Bailey Rosen’s All-Around Water Workout
Now in her sophomore year at UCLA, Bailey Rosen has figured out how to maintain her SUP fitness while keeping her grades up, despite a full course load, a social agenda, two jobs, and a SUP race every once in awhile. The pro is what some may consider an overachiever—graduating from high school with accolades from the prestigious International Baccalaureate program in concurrence with increasingly great achievements in SUP—but to Rosen, achieving is just the standard. And although SUP racing has taken a backseat to her studies in the City of Angels, Rosen is ensuring she’ll still be ready to dominate when she can return to racing, hitting the gym to fit in quick workouts with usually only a day spent on the water standup paddling. As water time has become scarce compared to what the Florida-native is accustomed to, she's focusing on practicing a variety of SUP skills rolled into a single workout when she can get to the water that one day a week. From downwind and upwind sets to sprint sessions and buoy-turn practices, here's a water workout from the Bruins' top SUP athlete. —Shari Coble
While I'm on the dock, I do basic stretches for my hamstrings, and then I try to stretch out my wrists, elbows and shoulders, just to get those muscles really loose. But I only do a little bit, not super intense, because you don't want to overstretch your muscles when they're not warm yet.
From where I start, the marina is almost a mile to the harbor mouth, so I usually cruise that portion, which is like ten minutes of warm up paddling. Once I'm out on my board, it's mostly about getting a feel for the water. A stroke coach or Danny Ching will tell you that the first and last ten minutes or so [of your workout] should be focused on your stroke, but I usually focus on it for at least just a few minutes. For me, that time is a lot about my catch because I'm always looking to improve it. So, I think that warmup time is a really good time to consciously think about your stroke and what you're doing with your paddle.
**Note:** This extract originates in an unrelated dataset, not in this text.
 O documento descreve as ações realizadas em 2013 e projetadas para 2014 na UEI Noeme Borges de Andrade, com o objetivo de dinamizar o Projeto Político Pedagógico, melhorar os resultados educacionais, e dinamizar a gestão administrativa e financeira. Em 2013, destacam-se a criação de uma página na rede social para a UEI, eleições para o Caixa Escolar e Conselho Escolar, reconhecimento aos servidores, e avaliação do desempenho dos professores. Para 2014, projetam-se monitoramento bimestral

When I paddle out of the harbor, I start my upwind/downwind portion. I just paddle until I hit certain markers, the Y and K buoys. Each upwind or downwind leg is about a half-mile or so, about five minutes depending on conditions—and I do that [set] for about a half an hour.
On the downwind portion it's all about catching bumps; even in conditions that aren't ideal you want to work on being able to maximize all of the bumps that are out there. Also [work on] keeping your direction because sometimes the wind direction will be at a different angle; I try to surf in the opposite direction of the wind is going so I can try to track as much as possible. As far as going upwind, to me, it's a lot about maintaining momentum. So, when you're going upwind the biggest thing is taking powerful strokes and moving around on the board or doing whatever you need to do so that your board doesn't come to a full stop and you're forced to whip that back up again.
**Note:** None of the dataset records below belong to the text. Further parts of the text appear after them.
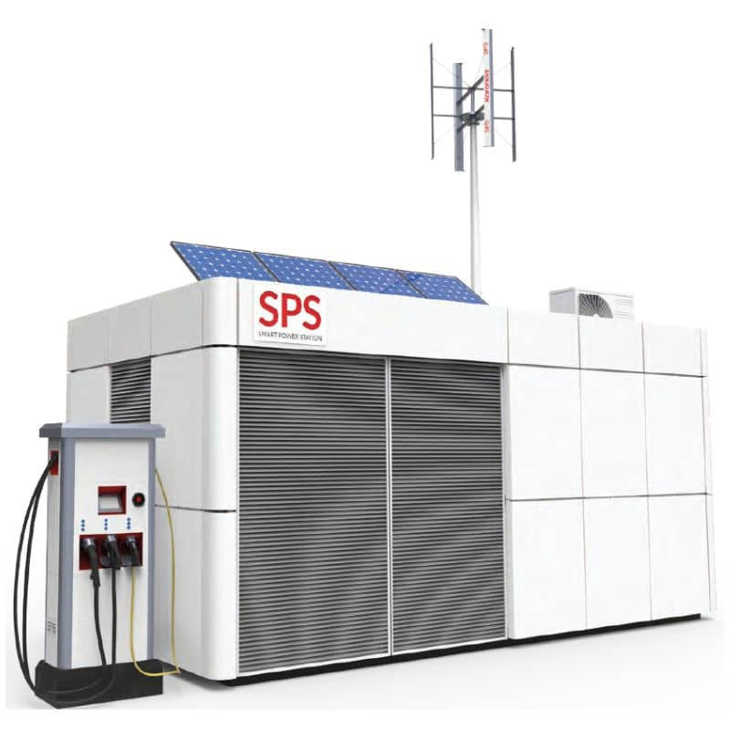 SPS je inteligentna transformatorska postaja s hranilnikom energije, priključki na obnovljive vire energije in polnilnicami za električna vozila.
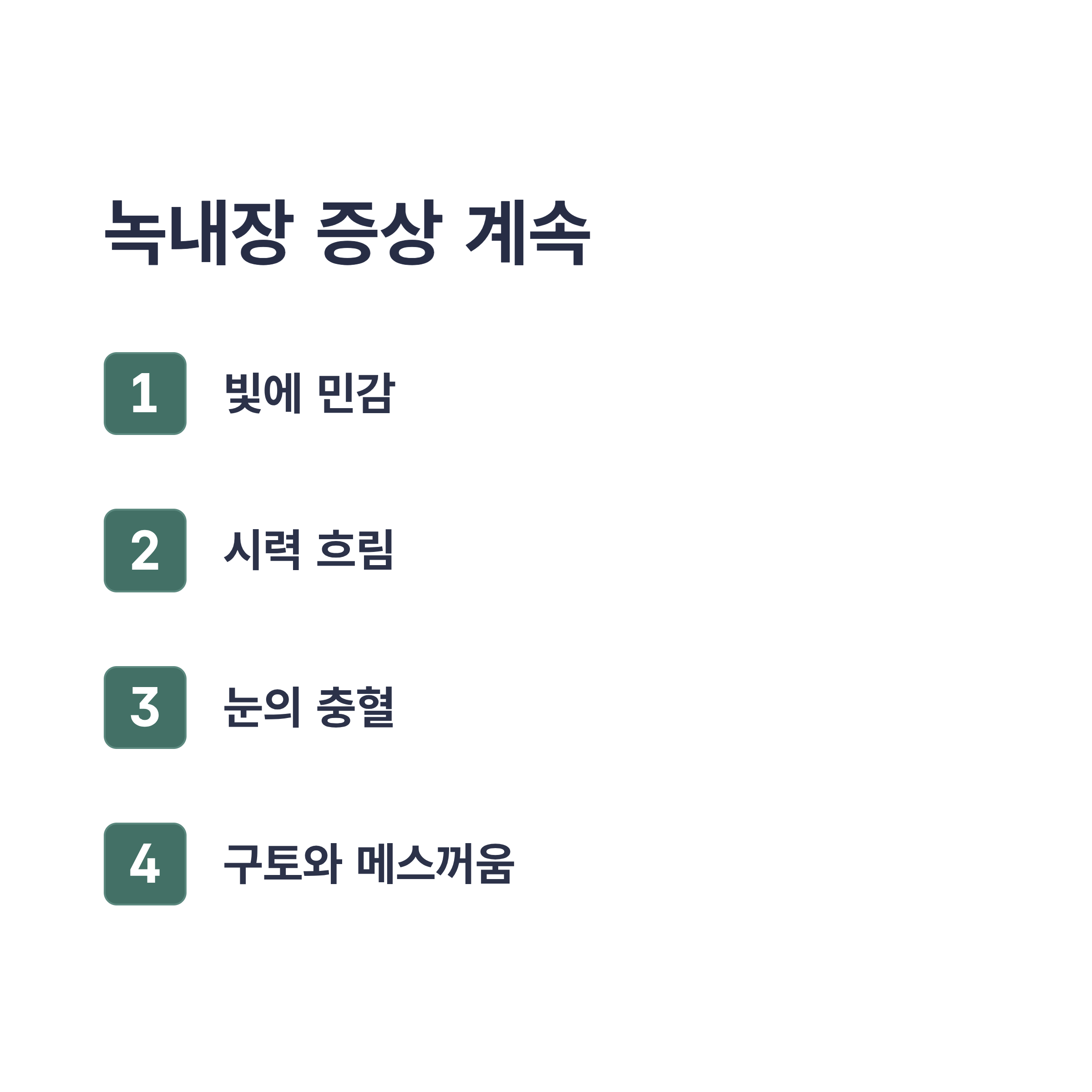 이러한 증상들은 녹내장이 어느 정도 진행되었음을 의미하므로, 하나라도 해당된다면 지체 없이 안과 전문의의 진료를 받아야 합니다. 👁️🗨️
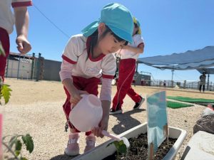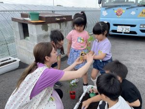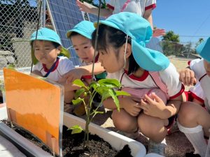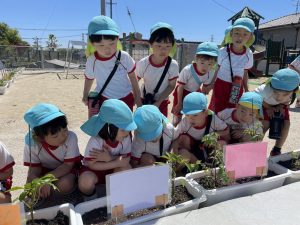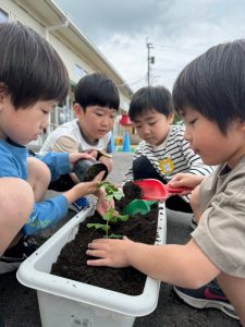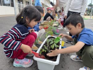 大事そうに苗を持ち、「大きくなあれ」とそっと土をかける子どもたち☺️

My sprinting portion is usually twenty or thirty minutes of around thirty seconds on, thirty seconds off, but it does vary, so it could be a minute on or off because I don't do it for time. I sprint with a set point in mind, which is kind of a fun way to mix it up because rather than always sprinting for a minute or 30 seconds at a time, it's more spatial and utilizes the surroundings.
At the end of my workout I like to go between buoys to practice turns. I usually go from buoy to buoy just practicing different turns: 360's or 180's, whatever. Buoy practice is pretty much my warm down before paddling back in. With that workout, you get a little bit of everything to help maintain SUP fitness.